AI-powered linter for scientific ML code. Detects methodology bugs such as data leakage, incorrect cross-validation, numerical instability, and reproducibility issues that produce plausible but wrong results. 66 detection patterns across 5 categories. Runs via local or institutional vLLM server, no cloud APIs.

These details have not been verified by PyPI

Project links

Project description

scicode-lint

AI-powered linter for ML code written for scientific applications. Catches methodology bugs that traditional linters miss: the kind that quietly invalidate your results.

Runs locally on your GPU or institutional cluster. No cloud APIs, your code stays private, no unexpected GenAI bills.

TL;DR

Local LLM linter for scientific ML code. Catches data leakage, missing seeds, numerical bugs. Runs on your GPU (16GB+ VRAM), code stays private.

pip install scicode-lint                  # Use with remote vLLM server
# or
pip install scicode-lint[vllm-server]     # Run vLLM locally (16GB+ GPU)

scicode-lint check train.py               # Scan for issues

The Problem

Traditional linters catch syntax errors and style issues. They can't catch methodology bugs: the kind where code runs, tests pass, and results are still wrong. Data leakage. Missing random seeds. Silent numerical errors.

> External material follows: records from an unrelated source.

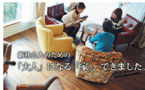
新しい社宅のカタチがここに

この度、私もディーマングループは少子高齢化が進む社会の中で、街や企業が活力を取り戻すには、若者達が安心して「住む」「働く」その両方が叶えられる基盤作りが必要と考えました。その答えが「社宅シェアハウス」です。 地方から出てきた若者は就職した後、独りで住むことが多いです。知り合いもおらず、慣れない土地で仕事に没頭することは、「仕事場」と「二人の部屋」の往復とになってしまいう可能性が高まることにつながります。その場合、なかなか同世代と話す機会もないので、「孤立化」してしまう危険性が生じてくるのです。すると、どうしても労働意欲が下がってしまい、残念なことに短期離職に繋がるケースも出てきます。 そこで、私どもが提案する社宅シェアハウスでは、「社宅」と「シェアハウス」を融合させることで、若者達に「仕事」「住まい」「仲間」の三つを同時に手に入れる環境を手に入れることができます。それぞれが 悩みを打ち明け、喜びを分かち合い、互いにサポートし合うことで切磋琢磨が生まれ、頑張る気持ち芽生えるものと考えております。 そして、ひいてはそれが、企業にとってはオシャレで魅力的な「社宅付き」という付加価値が人材採用の武器として雇用の機会につながり、若手社員にとっては一緒に住まう仲間の存在によって人間性がより磨かれていく人財育成の場へとつながるのです。 「老朽化で使用しなくなった社宅」「親から受け継いだ土地や建物を自分の代で手放したくない」 などの理由で、土地や空き家の活用をご検討しているのであれば、これを機に社宅シェアハウスと生まれ変わらせてみるのはいかがでしょうか？
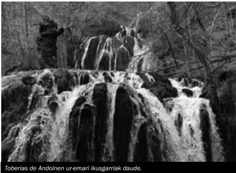
Toberias de Andoinen ur-emari ikusgarriak daude.
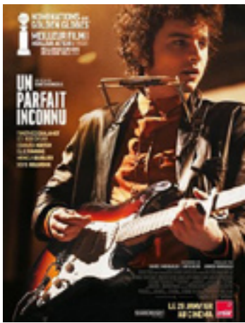
Un parfait inconnu (A Complete Unknown)

U.S.A. - 2h20 - 2024 - Présenté en V.O.s.t.
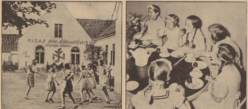
Fröhlicher Kinderreigen auf dem Spielplatz. Nach der Arbeit ist gut futtern! Aufn.: Schmidt (2)

Aus eigenen Mitteln und eigener Arbeitsleistung (auf die NSD-Ortsgruppe Osterholz einen vorbildlichen Kindergarten

And it's getting harder with AI coding tools. These tools are trained on public repositories full of methodology mistakes: Kaggle notebooks with data leakage, tutorials that skip random seeds, Stack Overflow answers with broken cross-validation. The bugs transfer seamlessly into your codebase.

Built for scientists applying ML - biology, chemistry, physics, neuroscience, engineering, and beyond. You're an expert in your domain; catching ML methodology bugs isn't your day job. This tool fills that gap.

What It Does

Scans Python scripts and Jupyter notebooks for 66 patterns across five categories:

ai-training (16 patterns): data leakage, PyTorch training modes, gradient management, DataLoader configuration
ai-inference (13 patterns): missing eval mode, missing no_grad, device mismatches, CUDA timing, JIT tracing
scientific-numerical (10 patterns): float comparison, dtype overflow, catastrophic cancellation
scientific-performance (11 patterns): loops vs vectorization, memory inefficiency
scientific-reproducibility (14 patterns): missing seeds, CUDA non-determinism, unsorted iteration, pickle versioning

It tells you what's wrong and why it matters. No auto-fixes: you stay in control of your code.

Example Output

test_scaler.py — 1 issue found

🔴 CRITICAL [method fit_transform] ml-001: Issue detected
   Data leakage: scaler is fit on full data including test set.
   Model performance will be inflated. Use sklearn.pipeline.Pipeline
   so fitting happens inside each fold.

   Code: X_scaled = scaler.fit_transform(X)

Quick Start

Prerequisites

GPU with 16GB+ VRAM and native FP8 support (RTX 4060 Ti 16GB, RTX 4070+, RTX 4090, L4, etc.)
vLLM 0.17+ with RedHatAI/Qwen3-8B-FP8-dynamic (default model)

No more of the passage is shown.